Страница 6 из 13
Сегодняшнего обывателя раздражает или смешит полнота рубенсовских граций и вакхов, переходящая, на современный взгляд, всякие границы «изящества» (илл. 2). И верно, в сравнении даже с другими грациями, Венерами и куртизанками эпохи Возрождения и барокко, от Джорджоне до Бернини и Веласкеса, рубенсовские обнаженные являют настоящее буйство плоти. Но что это буйство значило для мастера и для его современников? Историк искусства объяснит, что суть дела – в изменении отношения к рисунку, к противостоянию линии и пятна, то есть графичности и живописности как основ стиля. Для Рафаэля в начале XVI века важнее контур, для Рубенса и Рембрандта – передача всех нюансов человеческой плоти с помощью кисти и краски. Рафаэлевские грации (1504–1505) прелестны, но лишь касаются друг друга, смотрят в разные стороны, сохраняя самодостаточность и статуарное достоинство античной модели, художнику хорошо знакомой. Они одновременно едины и неслиянны (илл. 3). Рубенс, видевший эту небольшую картину в римской коллекции кардинала Боргезе, сознательно «ответил» великому предшественнику – и вдохнул в старинную иконографическую схему совершенно новую жизнь. Если приглядеться к каждой детали его полотна, то понимаешь, как глубоко художник изучил анатомию тела. Представим на секунду на месте его героинь властительниц наших подиумов и поймем, что картина, как говорят искусствоведы, развалится.
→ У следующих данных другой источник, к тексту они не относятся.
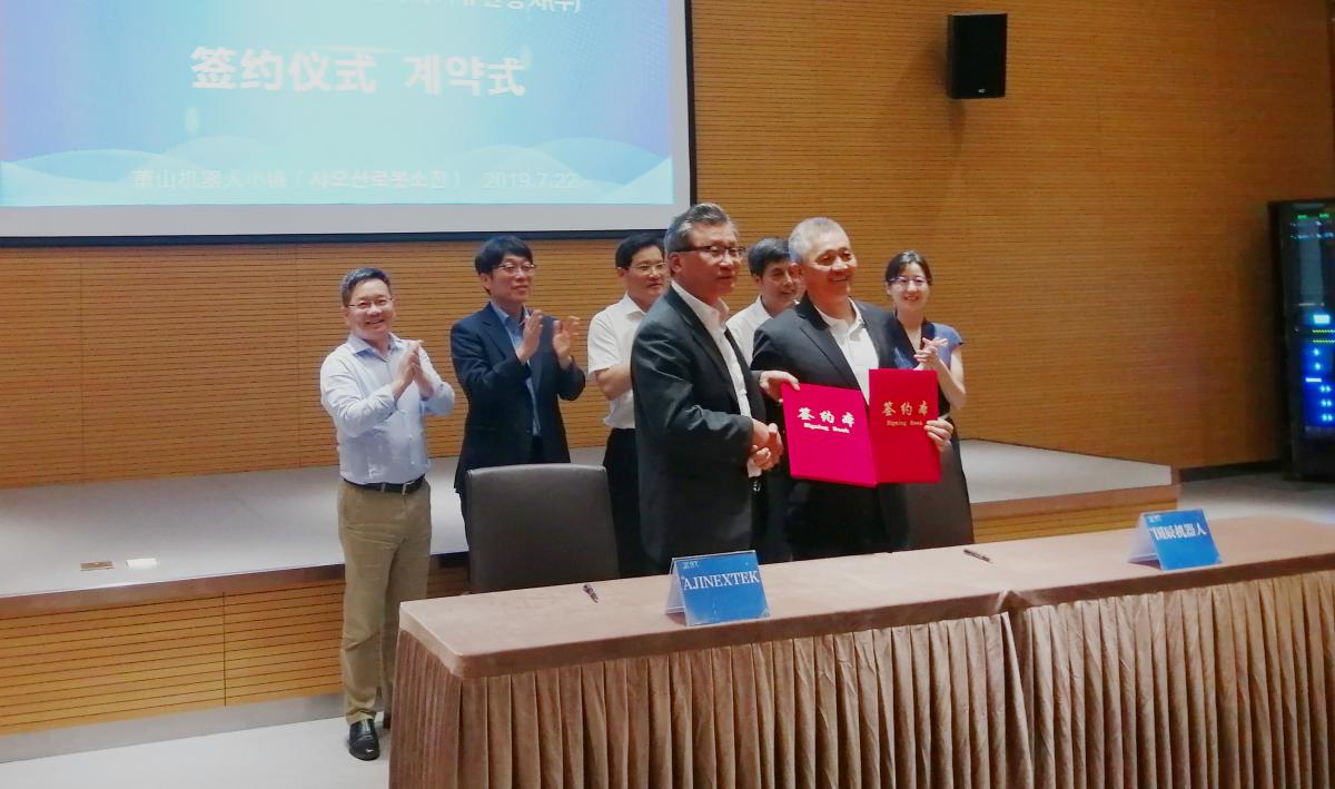 【國辰訊】2019年7月22日,杭州國辰機器人科技有限公司與韓國(株)亞進EXTEK合作成立合資公司簽約儀式在蕭山機器人小鎮(zhèn)隆重舉行。蕭山經濟技術開發(fā)區(qū)黨工委委員、管委會副主任徐建中,開發(fā)區(qū)招商局副局長、機器人小鎮(zhèn)工作組負責人陳笑,浙江省機器人產業(yè)發(fā)展協(xié)會秘書長王國耀,韓國大慶機器人振興社會長金昌浩,杭州國辰機器人科技有限公司首席戰(zhàn)略官王國成、韓國(株)亞進EXTEK常務崔成赫等出席簽約儀式。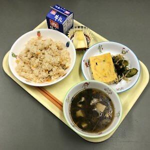 たけのこごはん 玉子の唐草焼き 酢の物 沢煮椀 りんご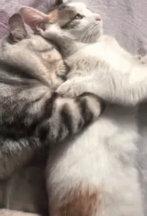 Two adorable cats cuddling closely on a bed, one with gray stripes and the other white with brown patches, showing affection.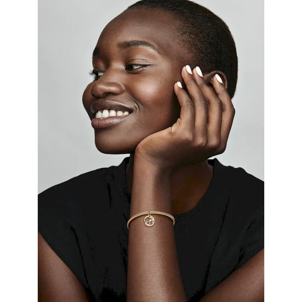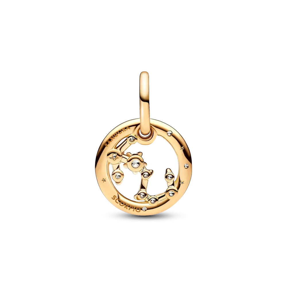 Let the stars guide your look with the Pandora Scorpio Zodiac Dangle Charm Bracelet Set. This Scorpio charm is crafted from our 14k gold-plated unique metal blend, has a circular outer frame and features clear sparkling cubic zirconia as well as the shape of the Scorpio zodiac sign. The back side of the frame is engraved with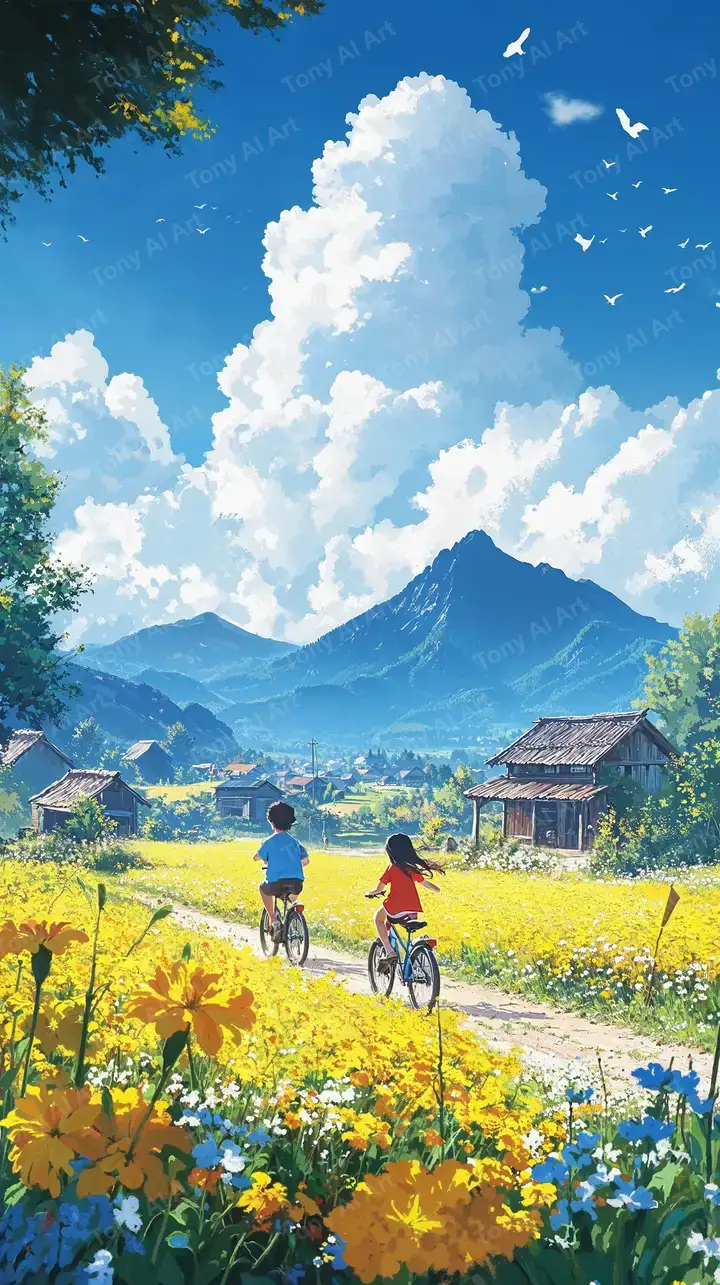 Hình nền AI art cảnh quê hương, xe đạp qua cánh đồng hoa vàng, núi xanh lam, hiệu ứng watercolor ấm áp, tải miễn phí 4K.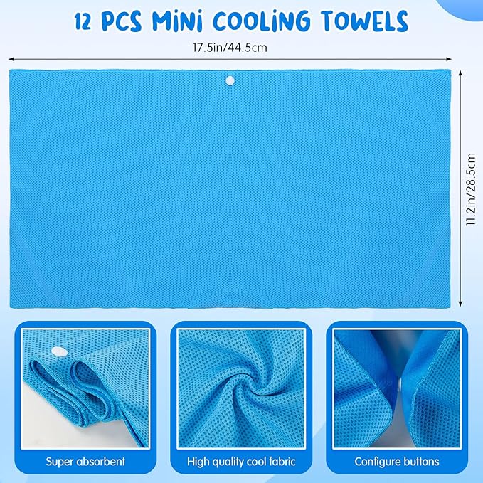 • 12 Units for Kids: each package comes with 12 kid cooling towels for neck and face, ensuring your child always has a fresh towel on hand, suitable for children in fishing, cycling, running, jogging, sports, barbecues, vacations, physical education and other children's gatherings where cooling off is needed, also fit for hot flashes, fever, heat prevention, sun protection, absorption cooling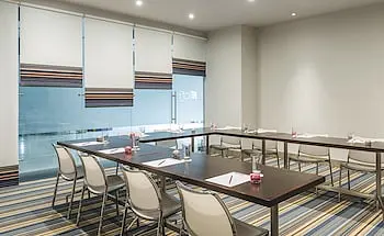 <strong>Property Location</strong><p>With a stay at Aloft Abu Dhabi in Abu Dhabi (Capital Centre), you'll be within a 5-minute drive of Abu Dhabi National Exhibition Centre and Zayed Sports City Stadium. This upscale hotel is 3.6 mi (5.8 km) from Sheikh Zayed Grand Mosque and 8.3 mi (13.4 km) from Corniche Beach.<br> Distances are displayed to the nearest 0.1 mile and kilometer. <br /> <p>Abu Dhabi National Exhibition Centre - 0.7 km / 0.4 mi <br /> Al Forsan International Sports Resort - 1.6 km / 1 mi <br /> Zayed Sports City Stadium - 1.9 km / 1.2 mi <br /> Khalifa Intl Bowling Centre - 2 km / 1.3 mi <br /> Miraj Museum - 2.4 km / 1.5 mi <br /> Abu Dhabi Ice Rink - 2.6 km / 1.6 mi <br /> Mangrove Lagoon National Park - 3.9 km / 2.4 mi <br /> Mushrif Mall - 3.9 km / 2.5 mi <br /> Sheikh Zayed Grand Mosque - 4.4 km / 2.8 mi <br /> Salwa Zeidan Gallery - 4.8 km / 3 mi <br /> Al Maqtaa Fort - 7.7 km / 4.8 mi <br /> Al Jazaeera Sports Club - 7.7 km / 4.8 mi <br /> St. Andrew's Church - 7.9 km / 4.9 mi <br /> The Souq at Qaryat Al Beri - 8 km / 4.9 mi <br /> Women’s Handicraft Centre - 8.2 km / 5.1 mi <br /> </p><p>The nearest major airport is Abu Dhabi Intl. Airport (AUH) - 23.7 km / 14.7 mi</p><br> <strong>Rooms</strong><p>Make yourself at home in one of the 408 guestrooms featuring refrigerators and LCD televisions. Complimentary wired and wireless internet access keeps you connected, and cable programming provides entertainment. Private bathrooms with showers feature designer toiletries and bidets. Conveniences include phones, as well as laptop-compatible safes and desks.<p> <strong>Dining</strong><p>Enjoy international cuisine at Dine, one of the hotel's 5 restaurants, or stay in and take advantage of the room service. Snacks are also available at the coffee shop/cafe. Unwind at the end of the day with a drink at the bar/lounge or the poolside bar. Buffet breakfasts are available daily from 6:00 AM to 10:30 AM for a fee.<p> <strong>Business, Other Amenities</strong> <p>Featured amenities include complimentary wired internet access, a 24-hour business center, and limo/town car service. Planning an event in Abu Dhabi? This hotel has facilities measuring 23864 square feet (2217 square meters), including conference space. Free self parking is available onsite.<p>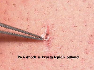 Ne. Po vytvoření nové rohové vrstvy na kůži (po 6 - 12 dnech) se krusta lepidla sama odloučí.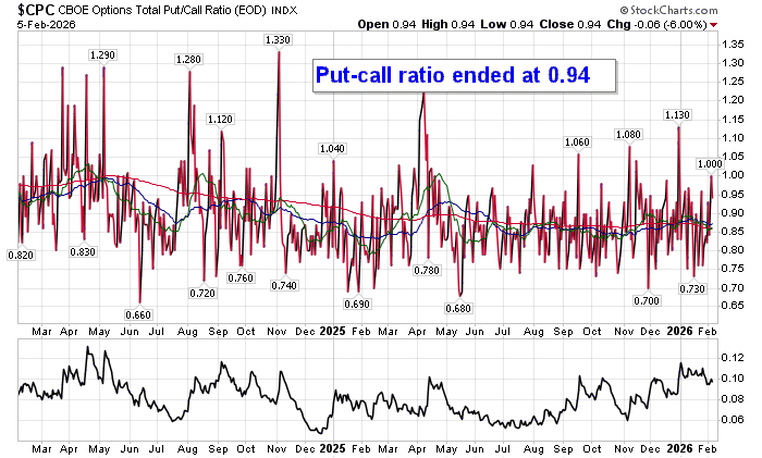 Sentiment on Thursday, as gauged by the put-call ratio, ended slightly bullish at 0.94.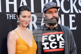 Mary Elizabeth Winstead, left, and Martin Starr, cast members in "The Hand That Rocks the Cradle," pose together at the premiere of the film on Wednesday, Oct. 15, 2025, at The Walt Disney Studios in Burbank, Calif. (AP Photo/Chris Pizzello)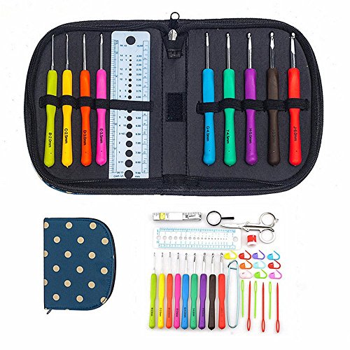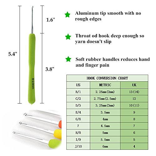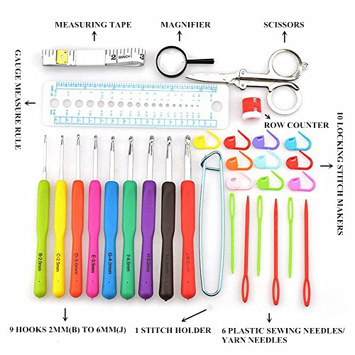 - CONNECT & CARRY ON FAMILY TRADITIONS – Everything you need's crochet set to teach your kids or grandchildren to crochet is included in this crochet kit.From a basic chain to an advance post stitch, our 31 tools and hooking accessories would make our Grandma proud. The crochet hooks sizes are standard in mm from 2, 2.5, 3, 3.5, 4, 4.5, 5, 5.5, 6. Every crochet needles has a plastic handle - color coded and printed with both letters and numbers,so you’ll never be confused which crochet hooks work.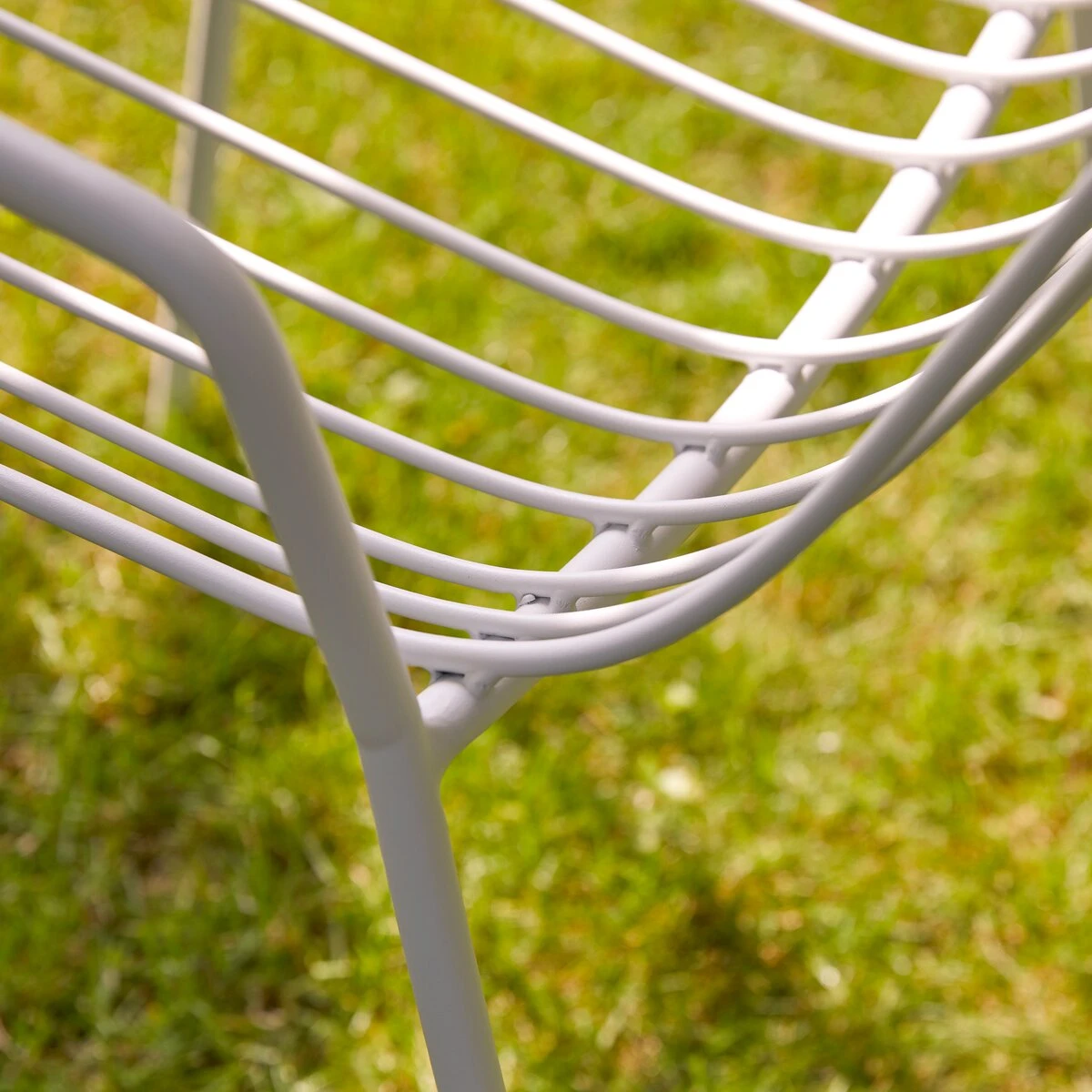 The Arty white metal garden armchair combines industrial style and sleek, modern design. These characteristics make it an excellent addition to any fashionable garden space.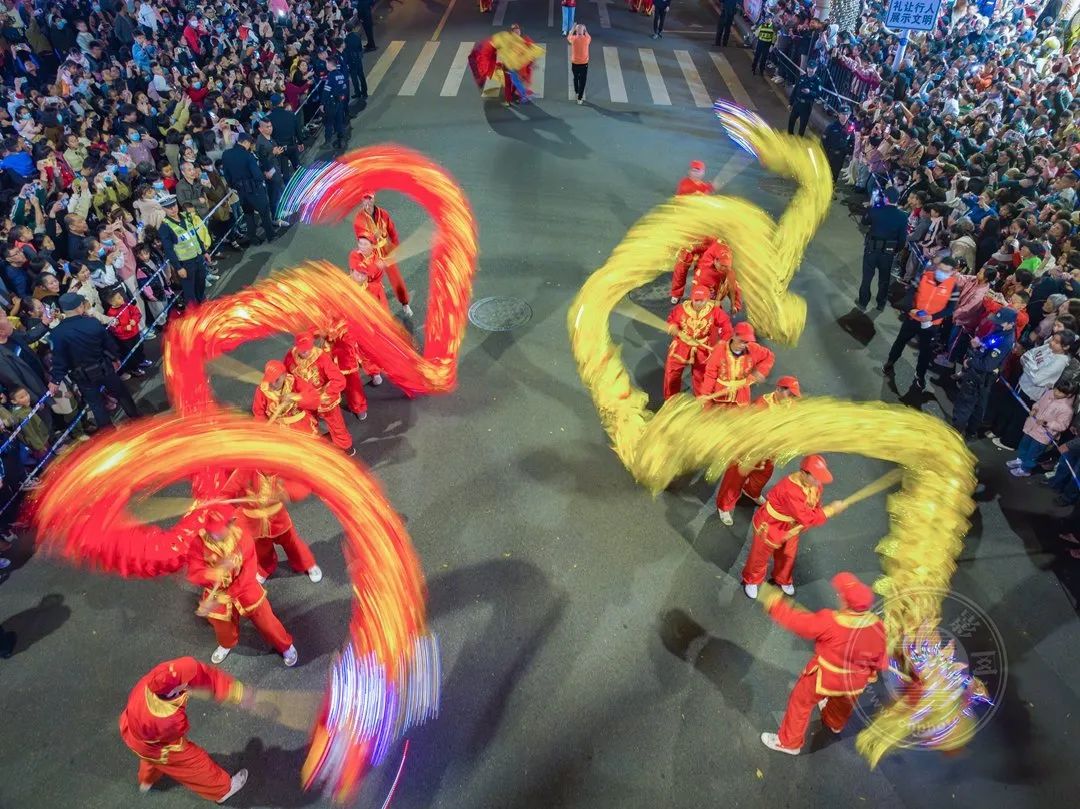 ▲ 《双龙摆尾》©陈浩然(江苏南京)2024年2月13日晚,拍摄于江苏南京。一龙含珠,双龙摆尾,两条“灯龙”交相辉映。

Буше, Энгр, Делакруа, Кустодиев, Майоль, Ренуар хорошо усвоили этот урок Рубенса и барокко. И не только они.
2. Питер Пауль Рубенс. Три грации. 1630–1635 годы. Мадрид. Национальный музей Прадо
3. Рафаэль Санти. Три грации. 1503–1505 годы. Замок-усадьба Шантийи. Музей Конде
Критерии красоты не выданы человечеству некой высшей инстанцией, но развиваются вместе с ним. Что-то в них подвержено изменениям, что-то тяготеет к постоянству. Египтяне ценили полноту в мужчине как видимый признак достатка, поэтому полноватые, изредка даже грузные скульптурные фигуры их чиновников – не редкость. Но фараон – всегда подтянут, как полагается богу и победоносному военачальнику. Девушка – всегда молода, тонка и эротична. Греки никогда не любили полноты, потому, если она появляется в их живописи или пластике, это насмешка, добрая или злая, как и подчеркнутая худоба или сутулость. В эпоху Возрождения изучение физиогномики и анатомии вышло на новый уровень, усилилось внимание к любым эмпирически фиксируемым отклонениям и аномалиям. Отсюда отчасти феномен придворных карликов и карлиц, пользовавшихся почетом и уважением. Их портреты писали художники масштаба Веласкеса («Менины»), а его учитель Франсиско Пачеко в «Искусстве живописи» (1649) утверждал, что написать портрет красивого человека сложнее, чем некрасивого.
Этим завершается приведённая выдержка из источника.